■ Provided entries:
********

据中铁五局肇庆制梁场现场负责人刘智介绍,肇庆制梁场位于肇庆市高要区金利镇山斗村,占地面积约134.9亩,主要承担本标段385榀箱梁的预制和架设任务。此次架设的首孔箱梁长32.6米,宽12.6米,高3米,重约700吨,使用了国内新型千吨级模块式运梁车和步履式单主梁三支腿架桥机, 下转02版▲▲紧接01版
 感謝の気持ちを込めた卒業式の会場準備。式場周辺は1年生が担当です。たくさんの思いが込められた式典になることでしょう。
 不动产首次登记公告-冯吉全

********

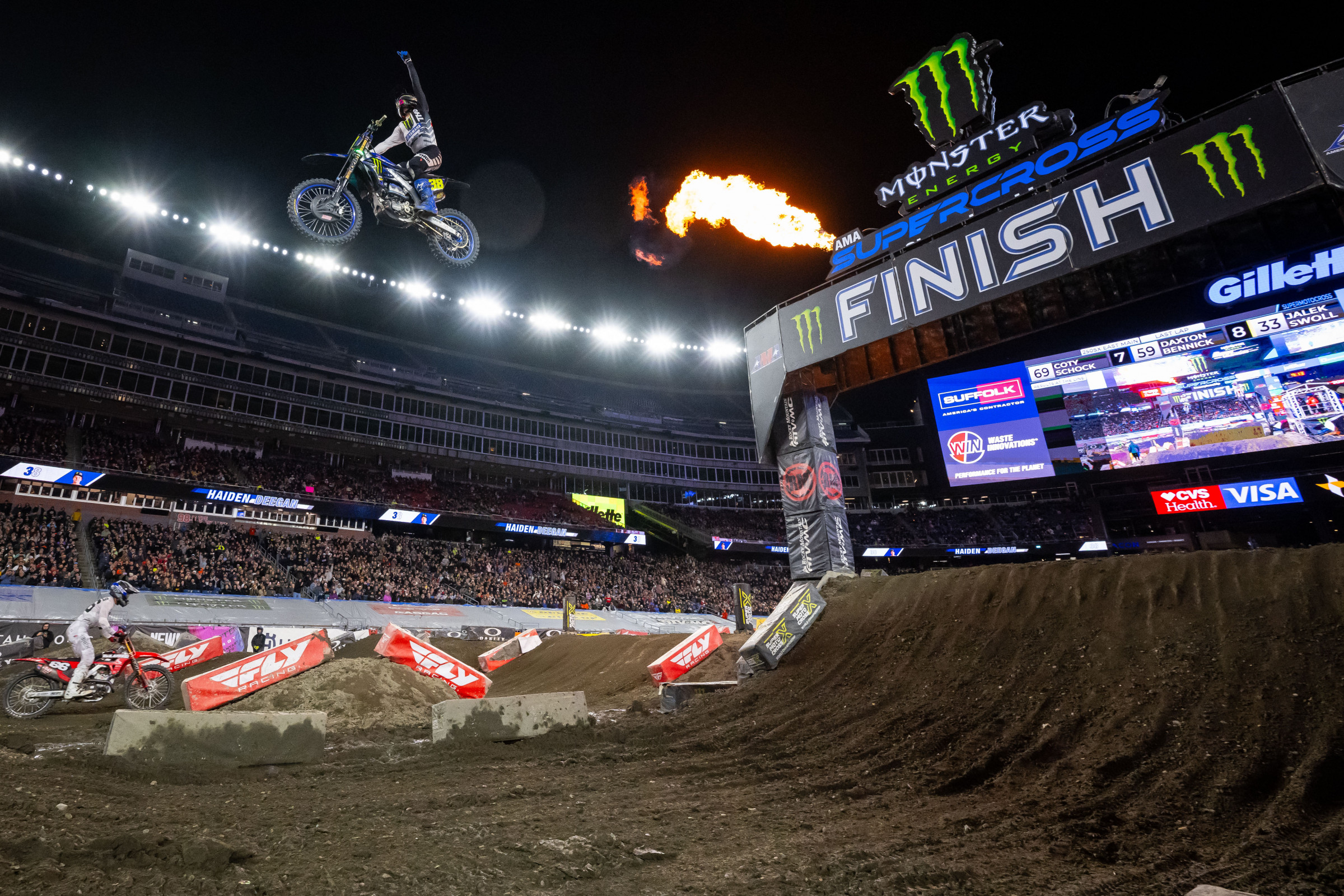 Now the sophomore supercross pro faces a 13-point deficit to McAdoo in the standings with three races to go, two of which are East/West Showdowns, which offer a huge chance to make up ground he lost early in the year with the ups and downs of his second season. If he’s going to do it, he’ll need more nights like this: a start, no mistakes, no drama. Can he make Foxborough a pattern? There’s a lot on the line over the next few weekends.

********

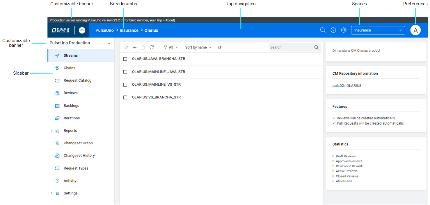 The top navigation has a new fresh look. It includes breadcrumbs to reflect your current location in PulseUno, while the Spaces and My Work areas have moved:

********

■ Exercise objective: All that belongs in the answer is the run of lines above from the line containing "据中铁五局肇庆制梁场现场负责" through the line containing "不动产首次登记公告-冯吉全", exactly as written.

■ Task solution:
据中铁五局肇庆制梁场现场负责人刘智介绍,肇庆制梁场位于肇庆市高要区金利镇山斗村,占地面积约134.9亩,主要承担本标段385榀箱梁的预制和架设任务。此次架设的首孔箱梁长32.6米,宽12.6米,高3米,重约700吨,使用了国内新型千吨级模块式运梁车和步履式单主梁三支腿架桥机, 下转02版▲▲紧接01版
 感謝の気持ちを込めた卒業式の会場準備。式場周辺は1年生が担当です。たくさんの思いが込められた式典になることでしょう。
 不动产首次登记公告-冯吉全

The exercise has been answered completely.